Required work:
Return the whole listing exactly, omitting the pictures.

Raw data:
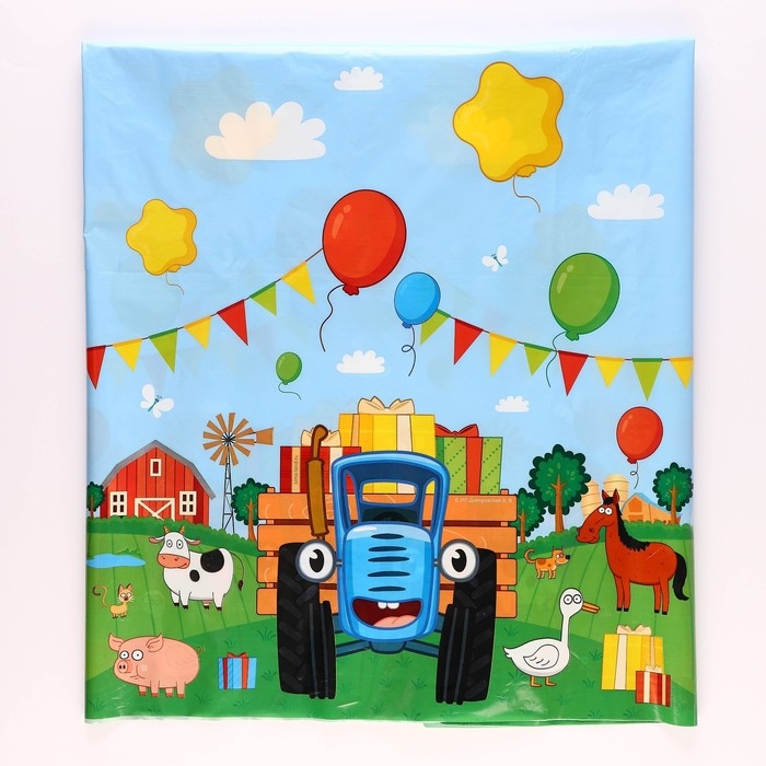 Скатерть одноразовая праздничная 120х180 см, 35 мкр, Синий трактор
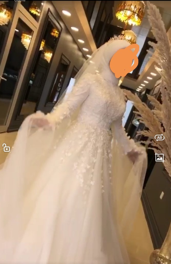 Bu dar kesim prenses gelinlik, uzun kollu ve straplez yakaya sahip, hafif beyaz kumaştan zarif detaylarla tasarlanmıştır. Parlak bir düğün görünümü için idealdir. Bir kere giyildi.
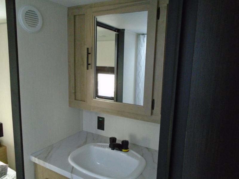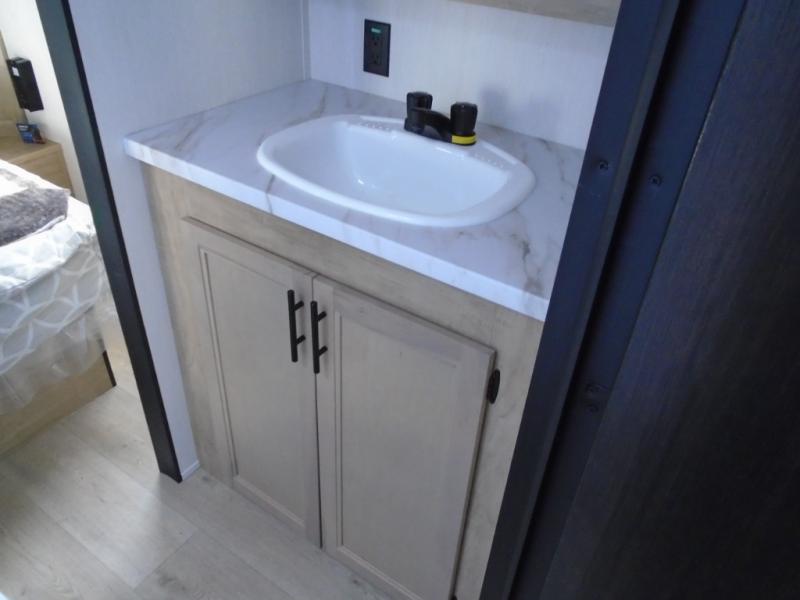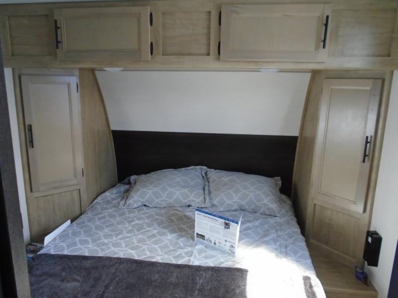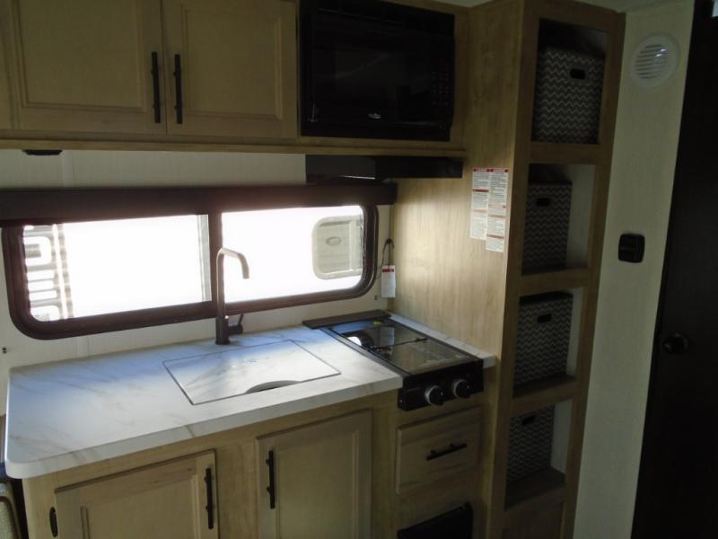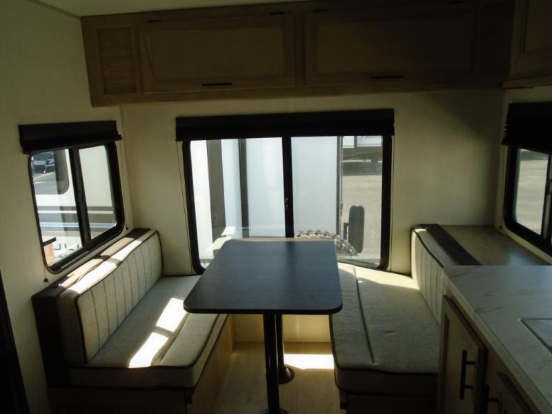 Convenient camping is found with this lightweight travel trailer! Once you arrive at your destination, put out the 15' power awning, then make lunch on the exterior mini kitchen. Inside, you can dine at the booth dinette, freshen up in the tub/shower, and sleep soundly on the queen bed in the master bedroom. And you're sure to find plenty of storage spaces both inside and outside, including a rear storage rack!

Response to this task:
 Скатерть одноразовая праздничная 120х180 см, 35 мкр, Синий трактор
 Bu dar kesim prenses gelinlik, uzun kollu ve straplez yakaya sahip, hafif beyaz kumaştan zarif detaylarla tasarlanmıştır. Parlak bir düğün görünümü için idealdir. Bir kere giyildi.
 Convenient camping is found with this lightweight travel trailer! Once you arrive at your destination, put out the 15' power awning, then make lunch on the exterior mini kitchen. Inside, you can dine at the booth dinette, freshen up in the tub/shower, and sleep soundly on the queen bed in the master bedroom. And you're sure to find plenty of storage spaces both inside and outside, including a rear storage rack!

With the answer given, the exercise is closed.